In [1]:
%pylab inline
For the motor in Problem 6-5
In [2]:
R1 = 0.10 # [Ohm]
R2 = 0.07 # [Ohm]
Xm = 10.0 # [Ohm]
X1 = 0.21 # [Ohm]
X2 = 0.21 # [Ohm]
Pmech = 500 # [W]
Pmisc = 0 # [W]
Pcore = 400 # [W]
Vphi = 120 # [V]
w_sync = 188.5 # [rad/s]
The slip at pullout torque is found by calculating the Thevenin equivalent of the input circuit from the rotor back to the power supply, and then using that with the rotor circuit model.
In [3]:
Zth = (Xm*1j * (R1 + X1*1j)) / (R1 + (X1+Xm)*1j)
Zth_angle = arctan(Zth.imag/Zth.real)
print('Zth = ({:.4f})Ω = {:.3f} Ω ∠{:.1f}°'.format(Zth, abs(Zth), Zth_angle/pi*180))
In [4]:
Vth = Xm*1j / (R1 + (X1+Xm)*1j) * Vphi
Vth_angle = arctan(Vth.imag/Vth.real)
print('Zth = {:.1f} V ∠{:.1f}°'.format(abs(Vth), Vth_angle/pi*180))

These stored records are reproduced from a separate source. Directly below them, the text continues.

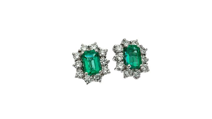 in oro bianco con due smeraldi taglio rettangolare circondati da diamanti taglio brillante per totali ct ca
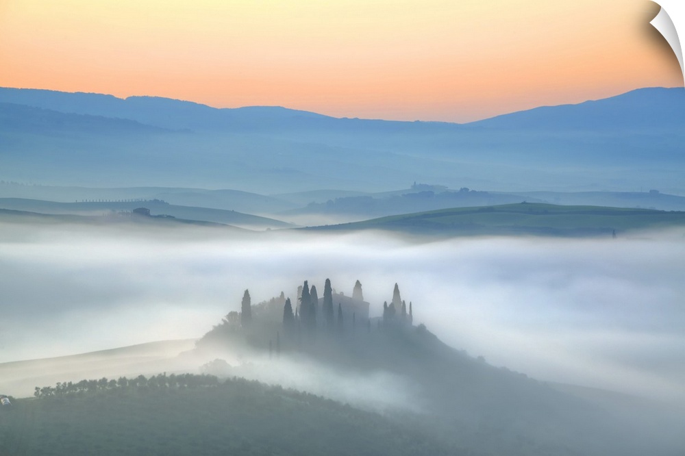 <p>Italy, Tuscany, Siena district, Orcia Valley, San Quirico d'Orcia, Podere Belvedere at sunrise</p>
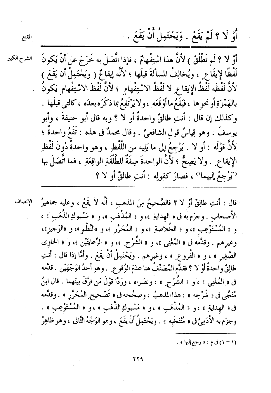 قال: أنتِ طالِقٌ أَوْ لا؟ فالصحيحُ مِنَ المذهبِ، أنَّه لا يقَعُ، وعليه جماهيرُ الأصحابِ. وجزَم به فى «الهِدايَةِ»، و «المُذْهَبِ»، و «مَسْبوكِ الذَّهَبِ»، و «المُسْتَوْعِبِ»، و «الخُلاصةِ»، و «المُحَرَّرِ»، و «النَّظْمِ»، و «الوَجيزِ»، وغيرهم. وقدَّمه فى «المُغْنِى»، و «الشَّرْحِ»، و «الرِّعايتَيْن»، و «الحاوِى الصَّغيرِ»، و «الفُروعِ»، وغيرِهم. ويَحْتَمِلُ أَنْ يقَعَ. وأمَّا إذا قال: أنتِ طالِقٌ واحدةٌ أَوْ لا؟ فقدَّم المُصَنِّفُ هنا عدَمَ الوُقوعِ. وهو أحدُ الوَجْهَيْن. قدَّمه فى «المُغْنِى»، و «الشَّرْحِ»، ونصَراه، ورَدَّا قوْلَ مَن فرَّقَ بينَهما. قال ابنُ مُنَجَّى فى «شَرْحِه»: هذا المذهبُ، وصحَّحه فى «تَصْحيحِ المُحَرَّرِ». وقدَّمه فى «الهِدايَةِ»، و «المُذْهَبِ»، و «مَسْبوكِ الذَّهَبِ»، و «المُسْتَوْعِبِ». وجزَم به الأدَمِىُّ فى «مُنْتَخَبِه». ويَحْتَمِلُ أَنْ يقَعَ، وهو الوجهُ الثَّانى، وهو ظاهِرُ
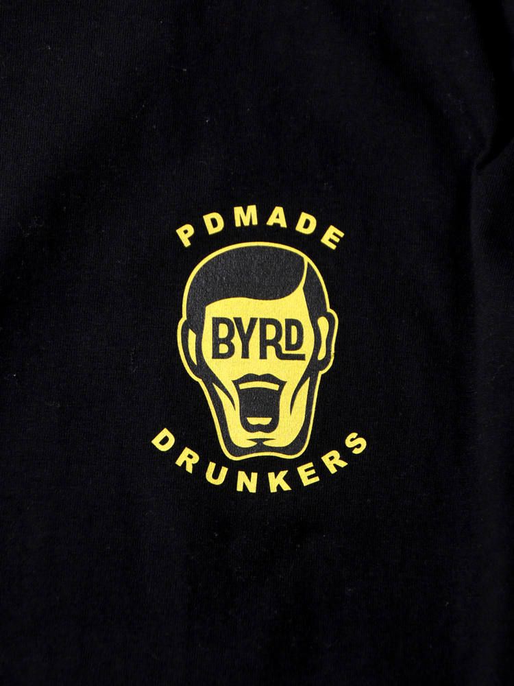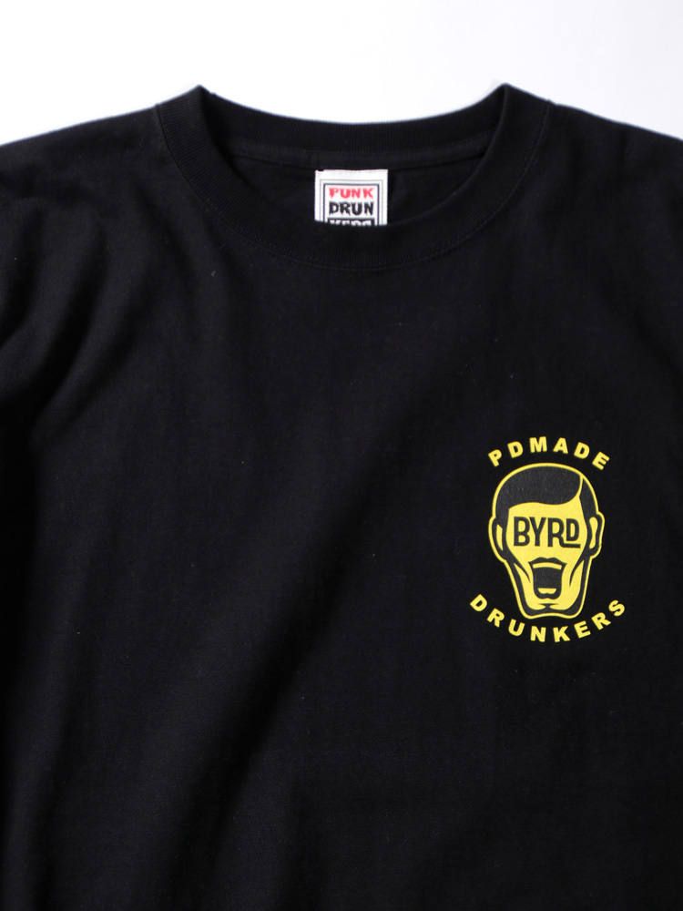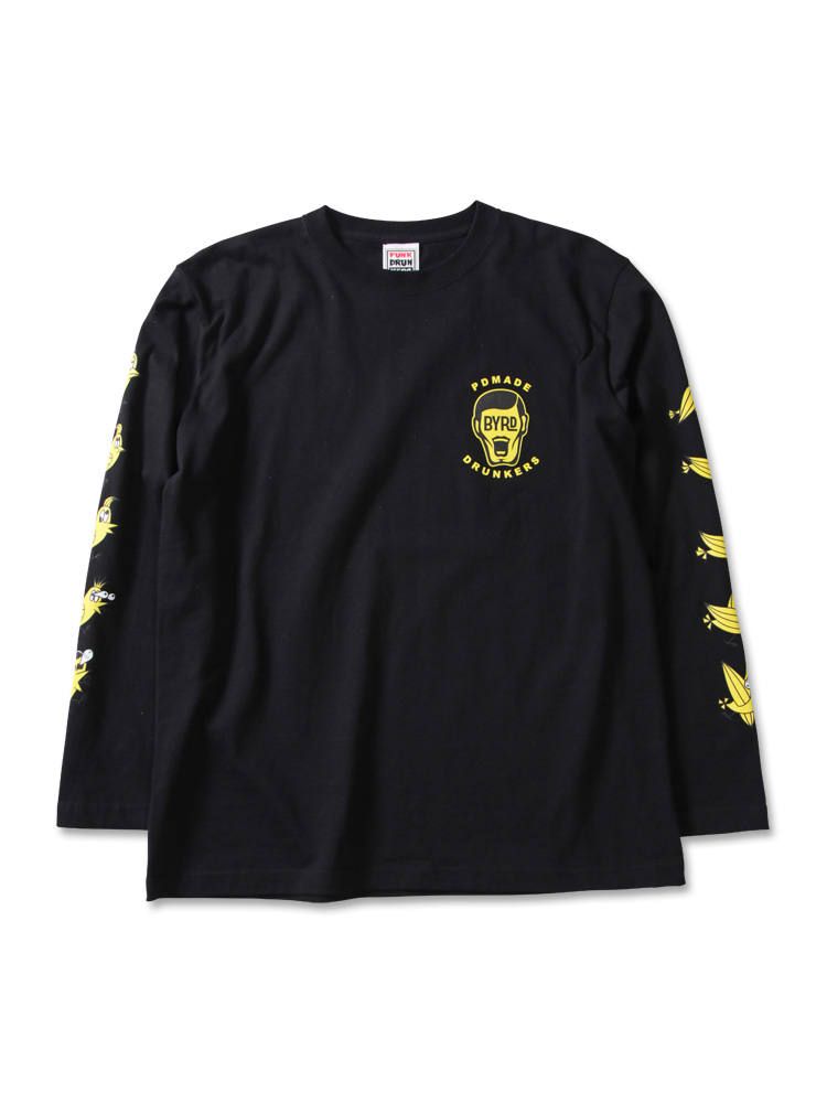 BYRDさんのキャラクターの鳥さんとあいつがミックスされたグラフィックが腕にきているロンTEEです。
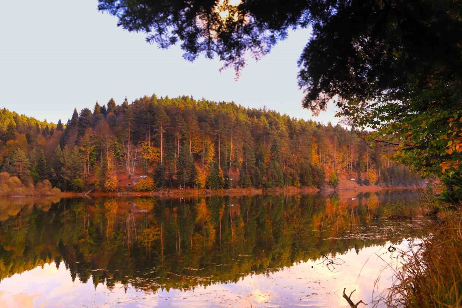 Bilecik’in Pazaryeri ilçesinde bulunan doğa manzarasıyla dört mevsim ziyaretçi akınına uğrayan Küçükelmalı Tabiat Parkı’nın sonbahar güzelliği hayran bırakıyor.
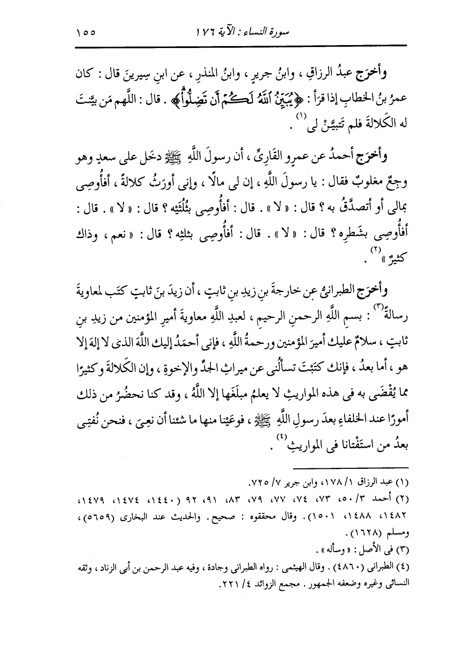 وأخرج ابن جرير ، وعَبد بن حُمَيد والبيهقي في "سُنَنِه" عن قتادة قال : ذكر لنا أن أبا بكر الصديق قال في خطبته : ألا إن الآية التي أنزلت في سورة النساء في شأن الفرائض أنزلها الله في الولد والوالد والآية الثانية أنزلها في الزوج والزوجة والأخوة من الأم والآية التي ختم بها سورة النساء أنزلها في الأخوة والأخوات من الأب والأم والآية التي ختم بها سورة الأنفال أنزلها في أولي الأرحام بعضهم أولى ببعض في كتاب الله مما جرت به الرحم من العصبة.
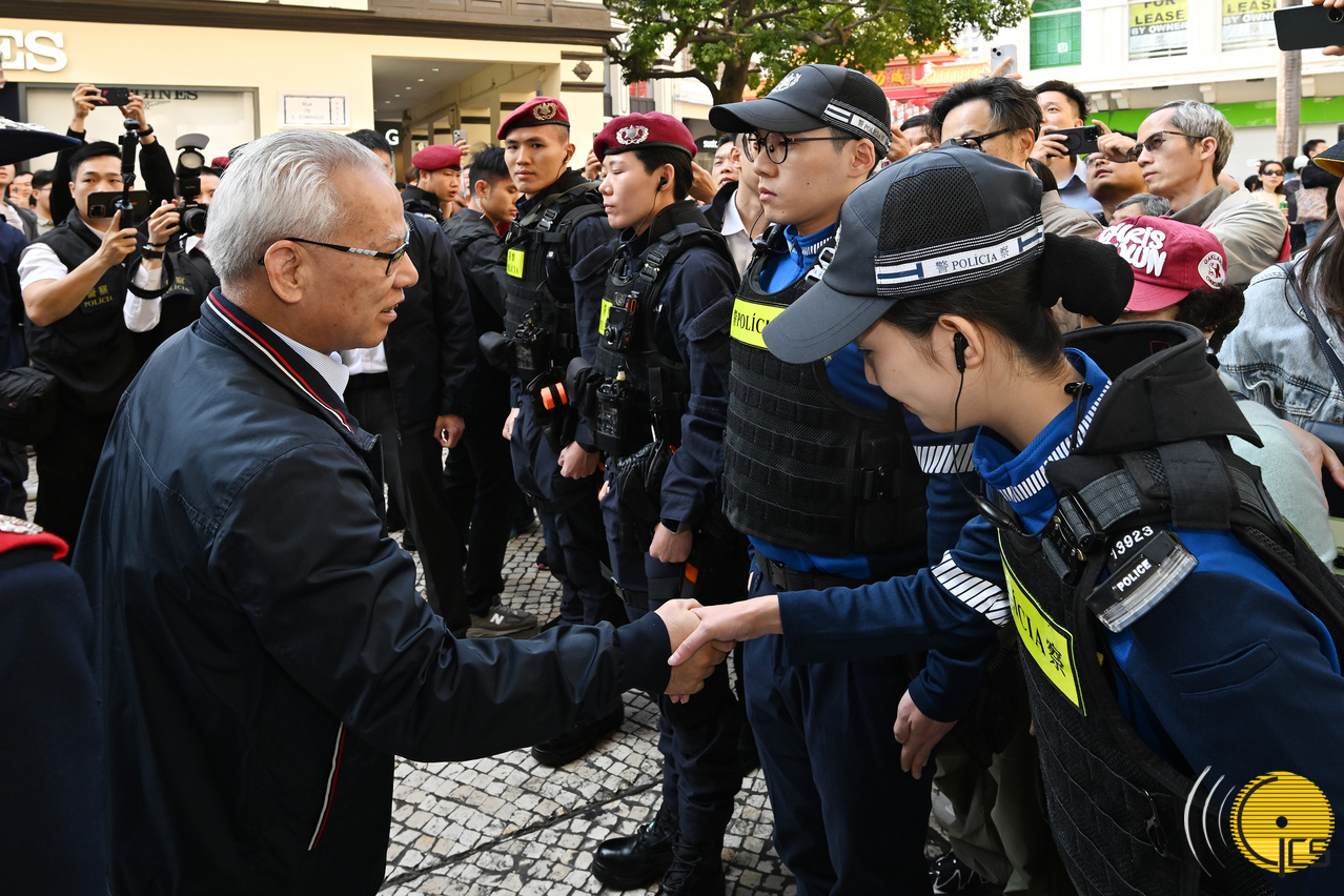 上午,岑浩輝在經濟財政司司長戴建業、保安司司長陳子勁、警察總局局長梁文昌及海關關長何浩瀚等陪同下,先後視察大三巴街、賣草地街、板樟堂街及議事亭前地一帶,聽取有關人潮管制措施的應變部署,並慰問現場執勤的前線警員,感謝他們在節日期間堅守崗位、辛勤付出。他表示,警方在人潮管制方面經驗豐富,相關措施行之有效,配合整體警務安排,有效確保市民及旅客在澳安心歡度佳節。
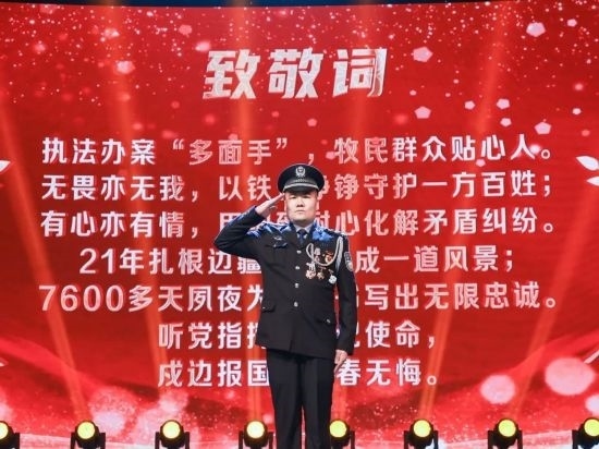 “有選擇就有犧牲,就像我們的愛情一樣,你愛著我們這個(gè)家,我愛著邊境和你,希望我們的生活圓圓滿滿!”在2022年度內(nèi)蒙古自治區(qū)“十大法治事件暨十佳法治人物”頒獎(jiǎng)典禮上,黃健對(duì)屏幕前的妻子深情講述。這段黃健對(duì)妻子多年來(lái)默默承受和付出的真情告白,贏得在場(chǎng)全體觀眾雷鳴般的掌聲。
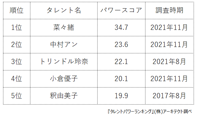 ○引用元が「株式会社アーキテクト」「タレントパワーランキング」である旨を明記
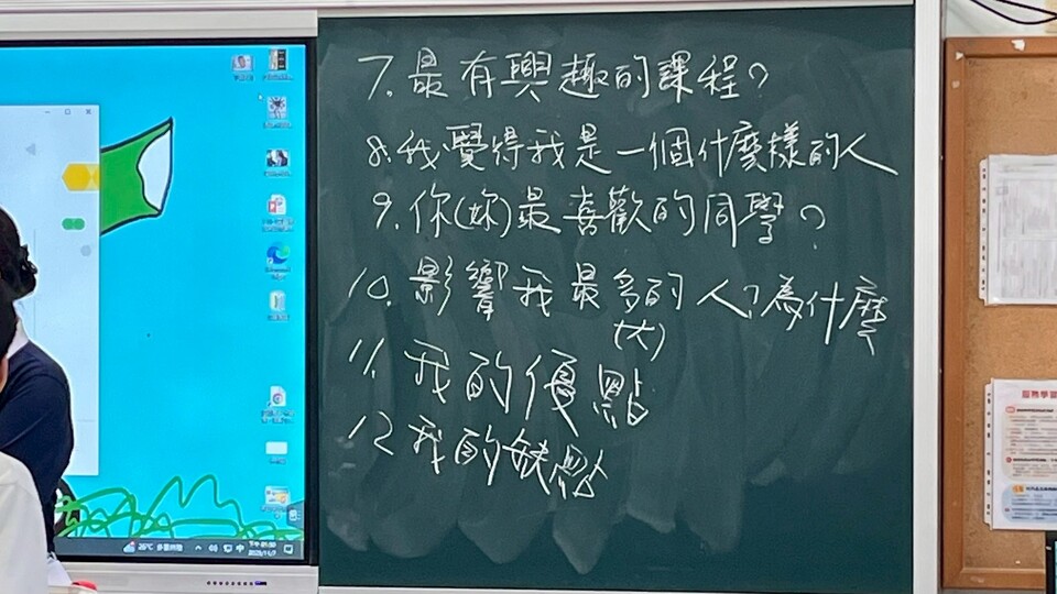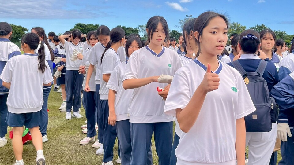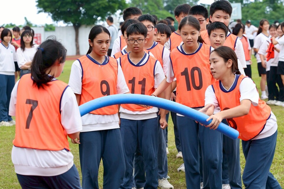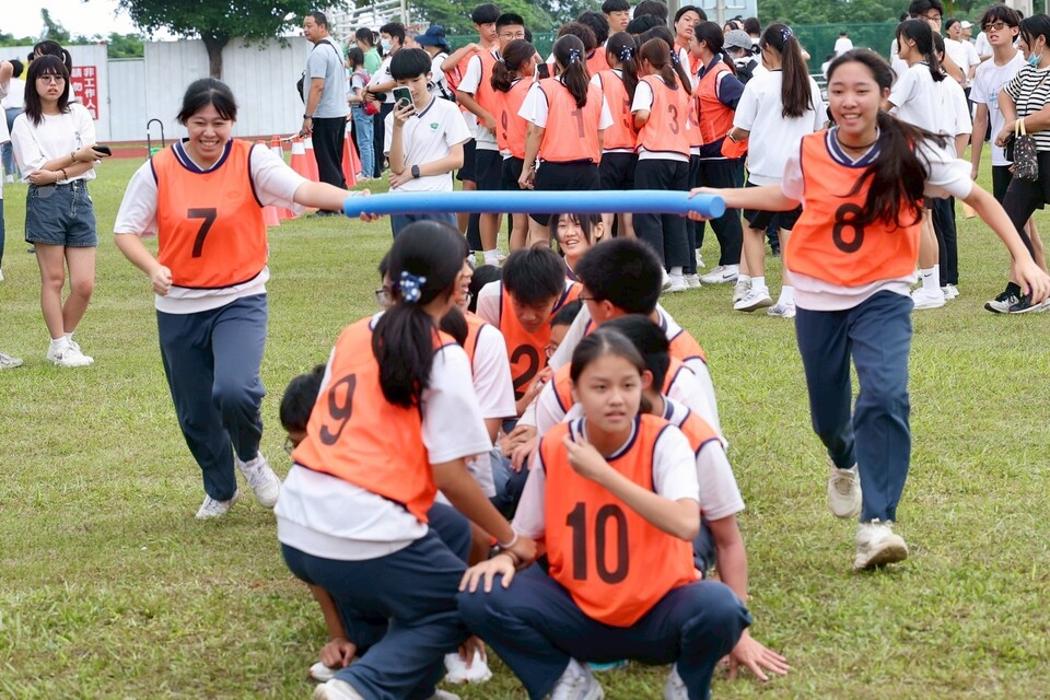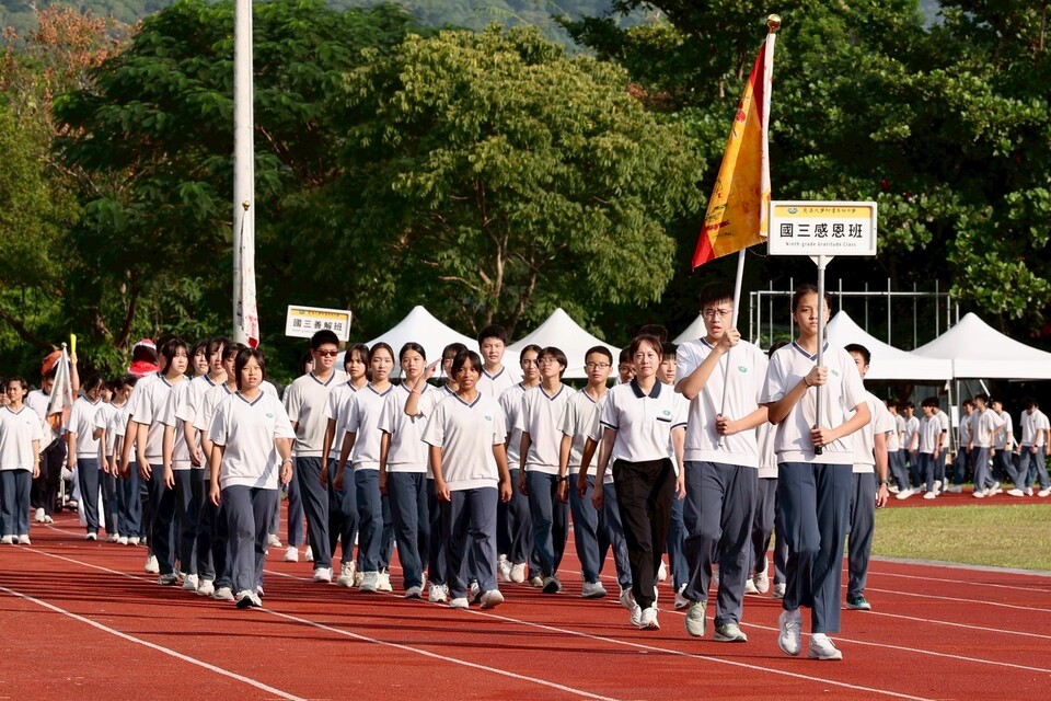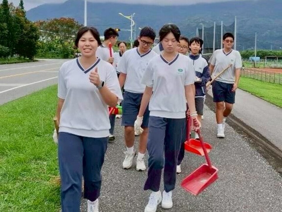 午餐後,大家回到班級與學生們同樂,天時爸即興要孩子填寫12個問題,彼此交流互動,為畢業紀念冊留伏筆。下午兩點整,整隊出發前往操場暖身,隨後由四號門到河堤進行環境清掃,展現慈濟守護洄瀾的行動力。同學們清掃結束後,由老師帶隊回到學校,並再次進行運動會進場的的彩排,為明天的盛會做最後準備。
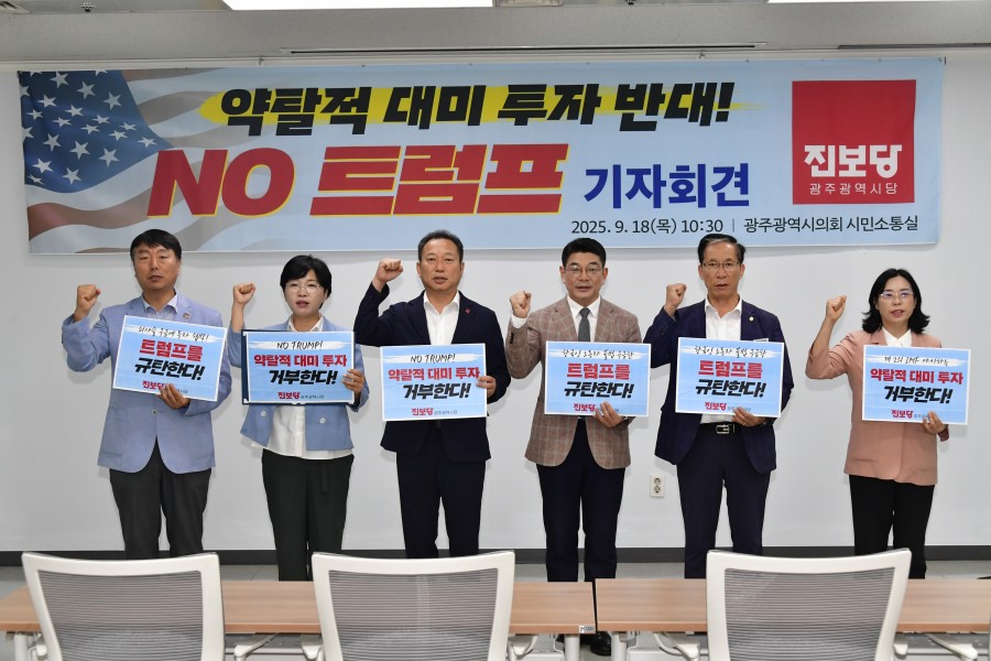 진보당 광주시당은 오늘 광주시의회 시민소통실에서 기자회견을 열고 "약탈적 대미 투자를 거부하는 것이 국익"이라며 재협상을 요구했습니다.
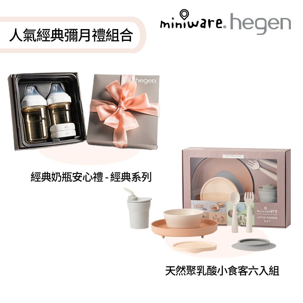 品名:【hegen】 人氣經典彌月禮組合-經典奶瓶安心禮 - 經典系列 + miniware 天然聚乳酸小食客六入組 產品尺寸:小食客-34.5x8.5x25cm // 安心禮-210x200x100mm 產品重量:小食客-約920g // 安心禮-約556g 包裝尺寸:小食客-34.5x8.5x25cm // 安心禮-230x220x110 mm 包裝重量:小食客-約920g // 安心禮-約820g 材質:hegen-奶瓶蓋-聚丙烯(PP) /奶嘴-矽膠/奶瓶環、轉接環、儲存蓋-聚丙烯(PP) /密封套環-矽膠/儲存瓶-聚苯碸(PPSU) // miniware-天然聚乳酸(100%植物萃取物)、 食品級矽膠 產地:hegen-馬來西亞 // miniware-台灣 包裝內容物:寬口奶瓶 240ml (象牙白)*1、奶嘴|中速*1、寬口奶瓶 150ml (象牙白)*1、奶嘴|慢速*1 |
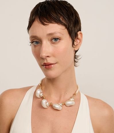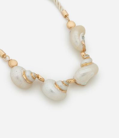 Ref: Colar maxi em cordão torcido, com fechamento lagosta e pingentes grandes de concha.

The slip at pullout torque is: $$S_\text{max} = \frac{R_2}{\sqrt{R_{TH}^2+(X_{TH}+X_2)^2}}$$
In [5]:
Rth = Zth.real
Xth = Zth.imag
s_max = R2 / sqrt(Rth**2 + (Xth+X2)**2)
print('''
s_max = {:.3f}
============='''.format(s_max))
The pullout torque of the motor is:
$$\tau_\text{max} = \frac{3V_{TH}^2}{2\omega_\text{sync}[R_{TH}+\sqrt{R_{TH}^2+(X_{TH}+X_2)^2}]}$$
In [6]:
tau_max = (3* abs(Vth)**2) / (2 * w_sync*(Rth + sqrt(Rth**2 + (Xth+X2)**2)))
print('''
tau_max = {:.0f} Nm
================'''.format(tau_max))